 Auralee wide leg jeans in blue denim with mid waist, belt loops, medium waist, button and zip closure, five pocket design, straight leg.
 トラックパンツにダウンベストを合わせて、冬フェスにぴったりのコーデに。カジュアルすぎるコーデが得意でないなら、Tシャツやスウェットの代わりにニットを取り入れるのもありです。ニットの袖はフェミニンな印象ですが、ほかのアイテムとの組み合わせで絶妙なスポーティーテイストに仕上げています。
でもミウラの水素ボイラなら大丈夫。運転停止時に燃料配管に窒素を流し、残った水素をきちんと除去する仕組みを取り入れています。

...

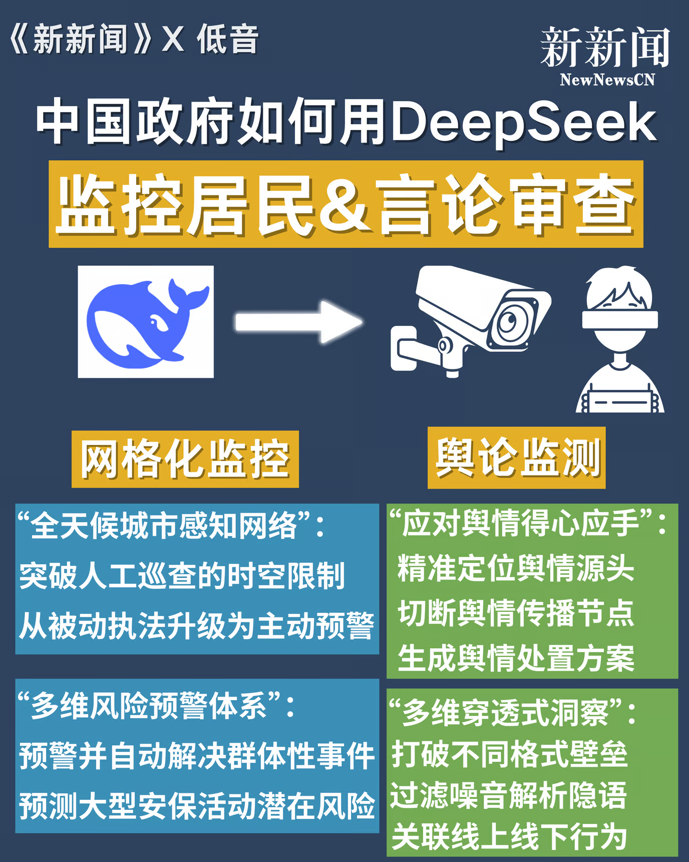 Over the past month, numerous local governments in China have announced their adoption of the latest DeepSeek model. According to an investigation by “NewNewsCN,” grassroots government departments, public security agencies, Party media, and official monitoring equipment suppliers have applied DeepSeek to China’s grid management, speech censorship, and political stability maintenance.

* **THE TASK**
Given the records above, reproduce precisely and only the lines between the line holding "Auralee wide leg" and the line holding "でもミウラの水素ボイラなら大", inclusive.

* **REPLY TO THE TASK**
 Auralee wide leg jeans in blue denim with mid waist, belt loops, medium waist, button and zip closure, five pocket design, straight leg.
 トラックパンツにダウンベストを合わせて、冬フェスにぴったりのコーデに。カジュアルすぎるコーデが得意でないなら、Tシャツやスウェットの代わりにニットを取り入れるのもありです。ニットの袖はフェミニンな印象ですが、ほかのアイテムとの組み合わせで絶妙なスポーティーテイストに仕上げています。
でもミウラの水素ボイラなら大丈夫。運転停止時に燃料配管に窒素を流し、残った水素をきちんと除去する仕組みを取り入れています。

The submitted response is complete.